AIM OF THE TASK:
Could you output each line below precisely as it stands, without the images?

RAW DATA:
%%

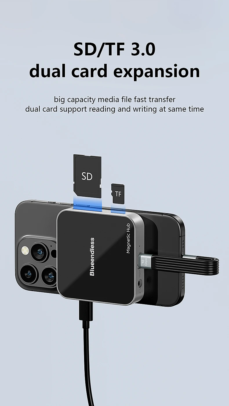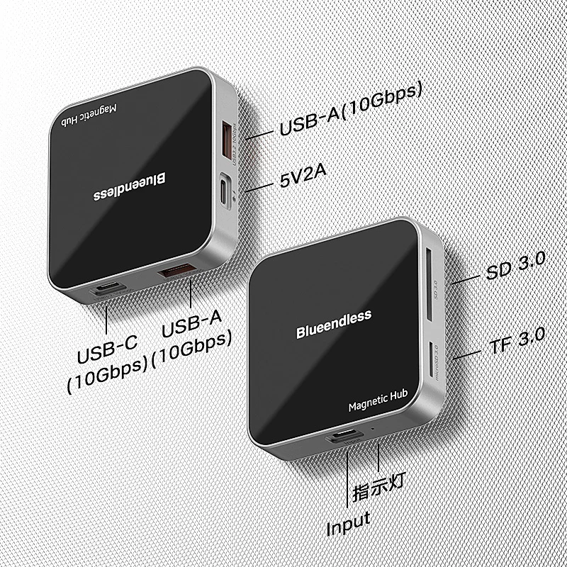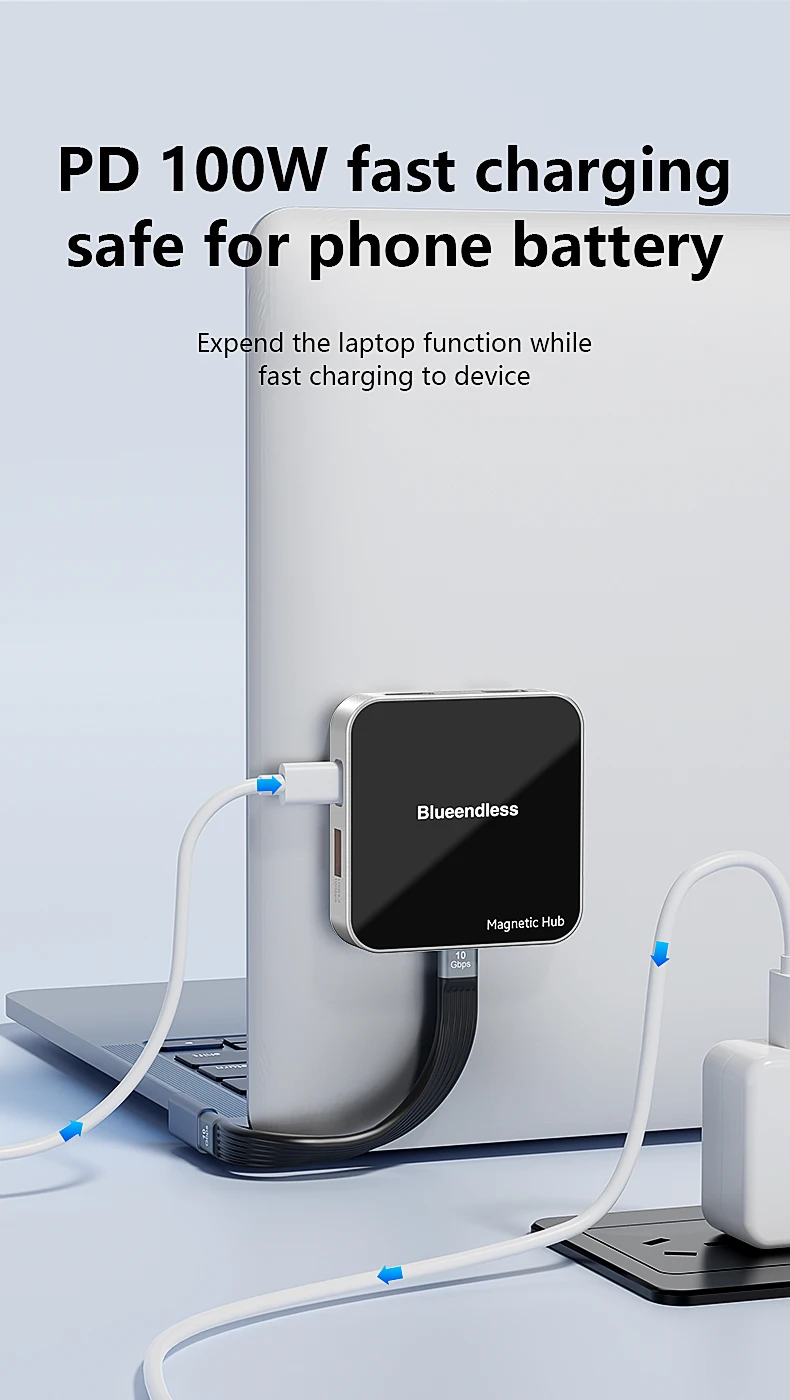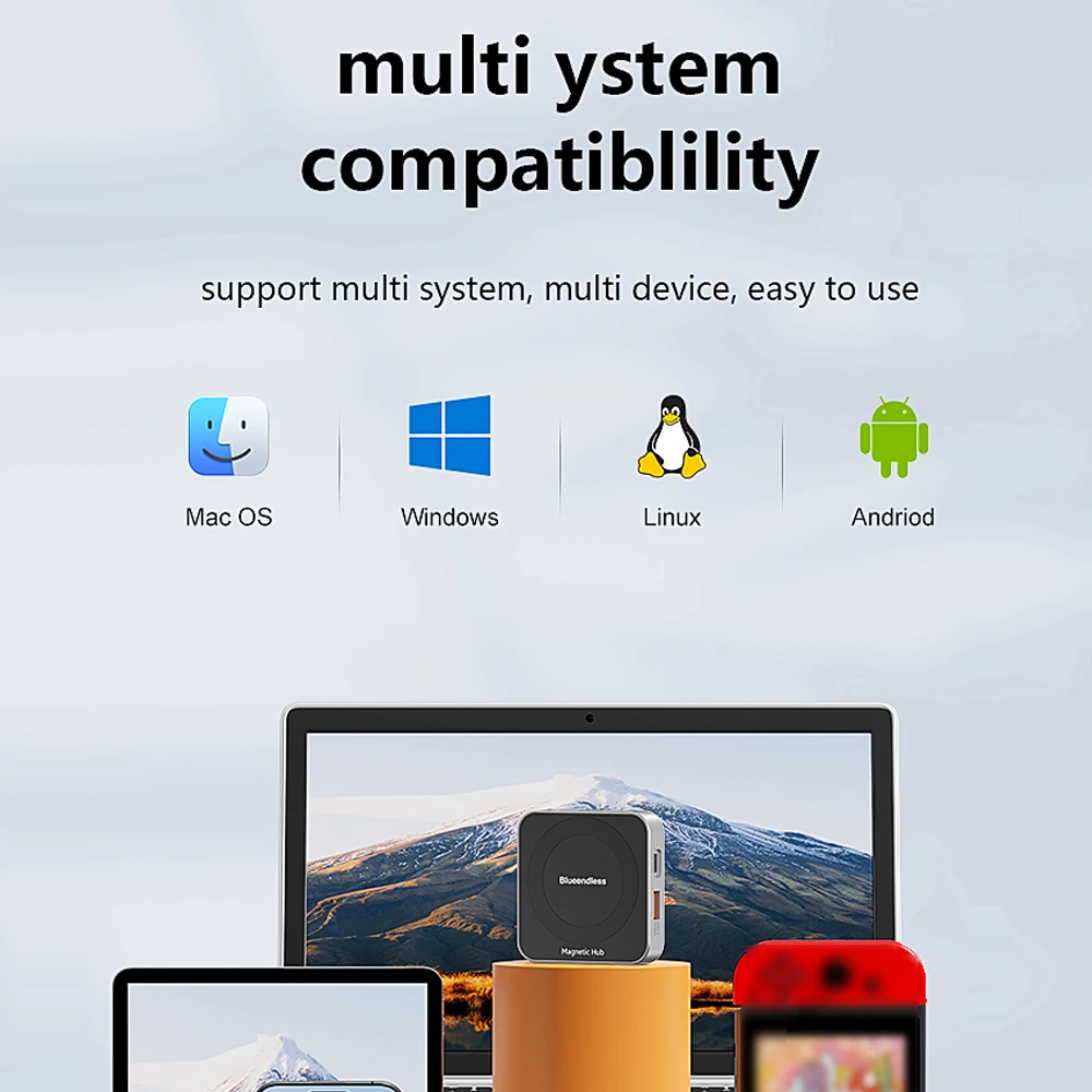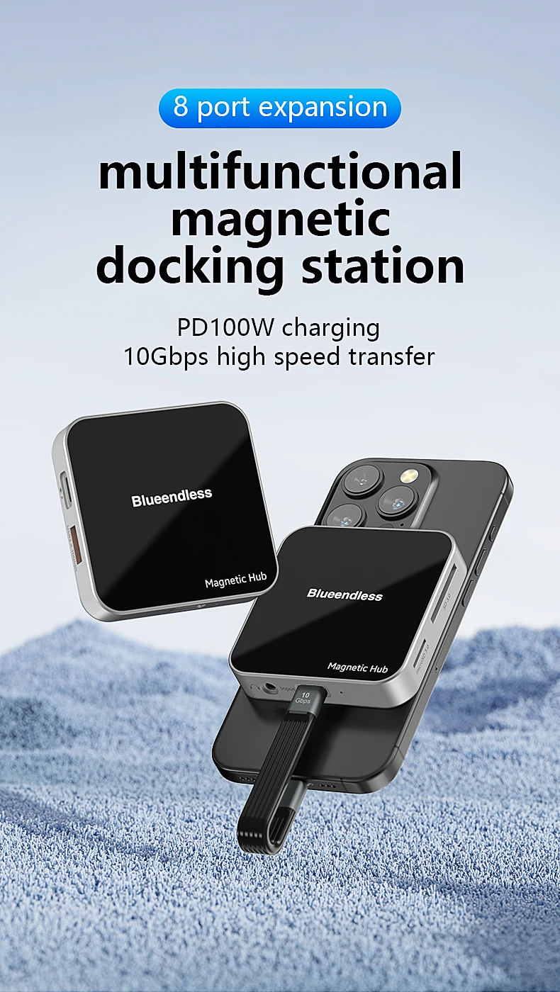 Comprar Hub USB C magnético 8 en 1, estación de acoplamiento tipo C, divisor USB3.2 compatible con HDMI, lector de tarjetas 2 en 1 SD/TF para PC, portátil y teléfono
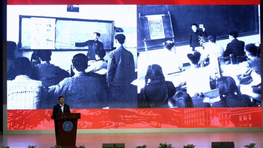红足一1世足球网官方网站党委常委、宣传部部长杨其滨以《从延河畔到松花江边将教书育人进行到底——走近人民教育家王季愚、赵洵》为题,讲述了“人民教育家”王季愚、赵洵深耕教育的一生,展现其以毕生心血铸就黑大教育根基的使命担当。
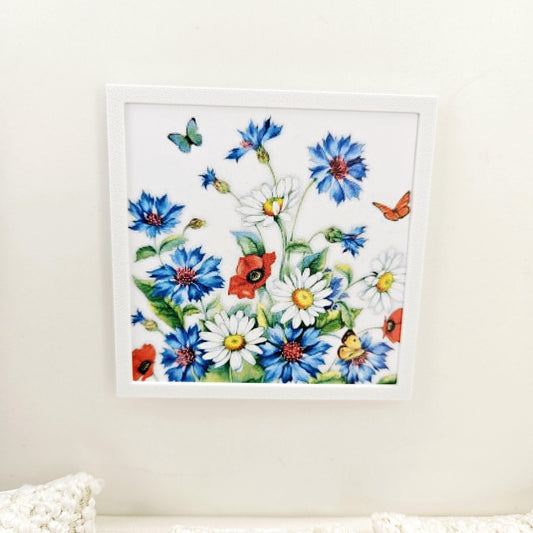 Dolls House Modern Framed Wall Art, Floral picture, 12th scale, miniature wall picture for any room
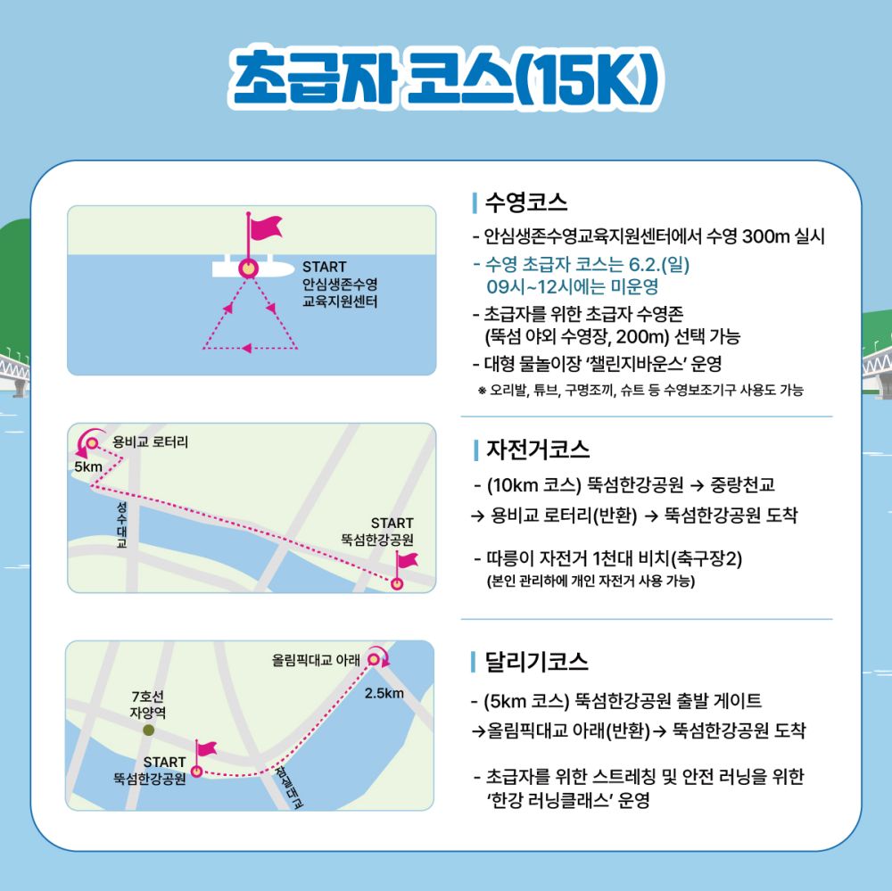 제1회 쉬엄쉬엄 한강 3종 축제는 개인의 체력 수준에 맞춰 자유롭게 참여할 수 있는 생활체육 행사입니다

%%

OUTPUT OF THE TASK:
 Comprar Hub USB C magnético 8 en 1, estación de acoplamiento tipo C, divisor USB3.2 compatible con HDMI, lector de tarjetas 2 en 1 SD/TF para PC, portátil y teléfono
红足一1世足球网官方网站党委常委、宣传部部长杨其滨以《从延河畔到松花江边将教书育人进行到底——走近人民教育家王季愚、赵洵》为题,讲述了“人民教育家”王季愚、赵洵深耕教育的一生,展现其以毕生心血铸就黑大教育根基的使命担当。
 Dolls House Modern Framed Wall Art, Floral picture, 12th scale, miniature wall picture for any room
 제1회 쉬엄쉬엄 한강 3종 축제는 개인의 체력 수준에 맞춰 자유롭게 참여할 수 있는 생활체육 행사입니다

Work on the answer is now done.